Just weeks after he clinched the drivers' title in Brazil, Renault's 24-year-old Spaniard celebrated again in China on Sunday after a victory that handed his team their first constructors' crown.
"This is a fantastic feeling," said Alonso, who sung 'We are the Champions' over the team radio on his slowing down lap after the race.
"I didn't think anything could equal winning the drivers' championship, but seeing our people celebrating, it's just as good," he added.
While Renault could be thankful that he did not drive like he sang, Alonso had every reason to be satisfied in Shanghai as the longest season in Formula One history -- a gruelling 19 races from Asia to America and back -- turned full circle.
His victory allowed Renault to end the season as they started, with a runaway win, while silencing anyone who dared to suggest that McLaren and Kimi Raikkonen might have been more deserving champions.
Alonso's tally of seven wins equalled that of the Finn, while the Spaniard had one more pole and three more podiums. He also collected 133 points to Raikkonen's 112.
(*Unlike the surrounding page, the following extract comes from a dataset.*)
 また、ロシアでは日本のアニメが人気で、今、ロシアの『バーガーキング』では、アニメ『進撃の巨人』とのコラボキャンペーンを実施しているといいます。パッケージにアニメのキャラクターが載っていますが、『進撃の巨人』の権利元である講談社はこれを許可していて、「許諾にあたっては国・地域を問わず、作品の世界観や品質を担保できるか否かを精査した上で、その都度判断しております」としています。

True, McLaren won two more races but strategy -- with Renault racing conservatively earlier in the season to make sure of the drivers' championship -- played a part in that.
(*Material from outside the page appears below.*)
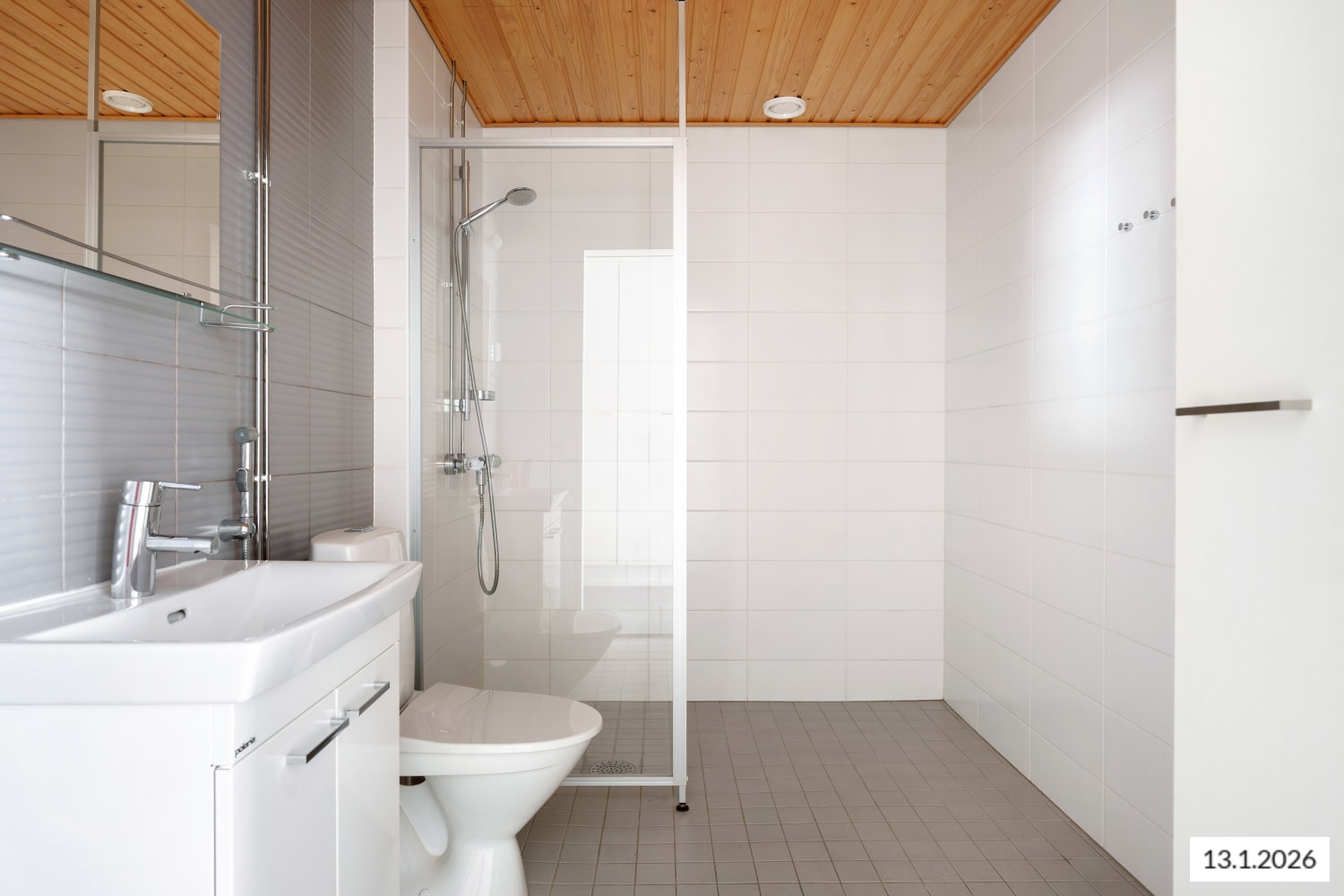 The bathroom walls are tiled with white tiles, and the floors feature grey tiles. The accent walls have subtle embossed grey tiles. There is space reserved for a washing machine and a tumble dryer.

Alonso's title will not now go down in history, as others have, as one that saw the champion winning fewer races than his main rival. He and Renault deserved their success.
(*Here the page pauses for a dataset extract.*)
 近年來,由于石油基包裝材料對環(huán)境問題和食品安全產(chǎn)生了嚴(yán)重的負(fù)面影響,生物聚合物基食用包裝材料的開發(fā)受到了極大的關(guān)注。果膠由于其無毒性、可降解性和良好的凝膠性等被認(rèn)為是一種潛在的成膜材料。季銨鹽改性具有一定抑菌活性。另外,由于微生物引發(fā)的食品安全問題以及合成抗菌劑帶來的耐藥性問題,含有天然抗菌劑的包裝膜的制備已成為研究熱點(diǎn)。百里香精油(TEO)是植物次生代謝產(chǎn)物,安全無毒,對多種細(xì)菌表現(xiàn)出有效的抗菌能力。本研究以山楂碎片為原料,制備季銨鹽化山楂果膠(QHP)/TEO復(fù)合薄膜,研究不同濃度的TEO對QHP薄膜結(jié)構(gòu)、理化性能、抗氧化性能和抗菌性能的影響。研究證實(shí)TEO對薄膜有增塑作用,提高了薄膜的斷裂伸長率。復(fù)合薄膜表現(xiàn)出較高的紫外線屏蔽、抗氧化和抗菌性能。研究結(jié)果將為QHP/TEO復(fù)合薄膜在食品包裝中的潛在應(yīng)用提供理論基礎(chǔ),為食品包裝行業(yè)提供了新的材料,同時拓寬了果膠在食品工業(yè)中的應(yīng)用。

"The race was actually very easy," said Alonso, who led from start to finish after Italian team mate Giancarlo Fisichella effectively rode shotgun by doing just enough to keep the McLarens behind him while allowing the Spaniard to get away.
"We only used full power on the engine in the first part and we saw we were quicker than everybody so we turned things down and went conservative for the second part.
"Honestly it was like the opening races when we had an advantage and could manage our pace."
Pat Symonds, the Renault engineering director who won the double with Michael Schumacher and Benetton 10 years ago, savoured the moment.
"I think I preferred this one," he decided.
"It's been a really, really hard fight all year. Two teams with different philosophies, but I think it's great because we've managed to switch our philosophy when we've needed to."
Syomonds only regret was that the two safety car periods during the race prevented Renault from showing the world just how competitive they really were.
"We had the performance this weekend," he said.
"I really, truly believe we would have beaten them in a straight race. In fact, I absolutely know it."
For Raikkonen there was only the consolation of yet another fastest lap and knowing that he had done his best in a season that McLaren started on the back foot.
There was a certain symmetry to their season too.
McLaren suffered after their cars ran wide over the kerbs in the Australian season-opener and they saw the title literally go down the drain in China when Colombian Juan Pablo Montoya hit a loose cover and retired.
"I did my best but it wasn't enough," said Raikkonen, whose rivalry with Alonso promises to light up Formula One for years to come.
"The Renault was too quick, our congratulations to them and next year we try again."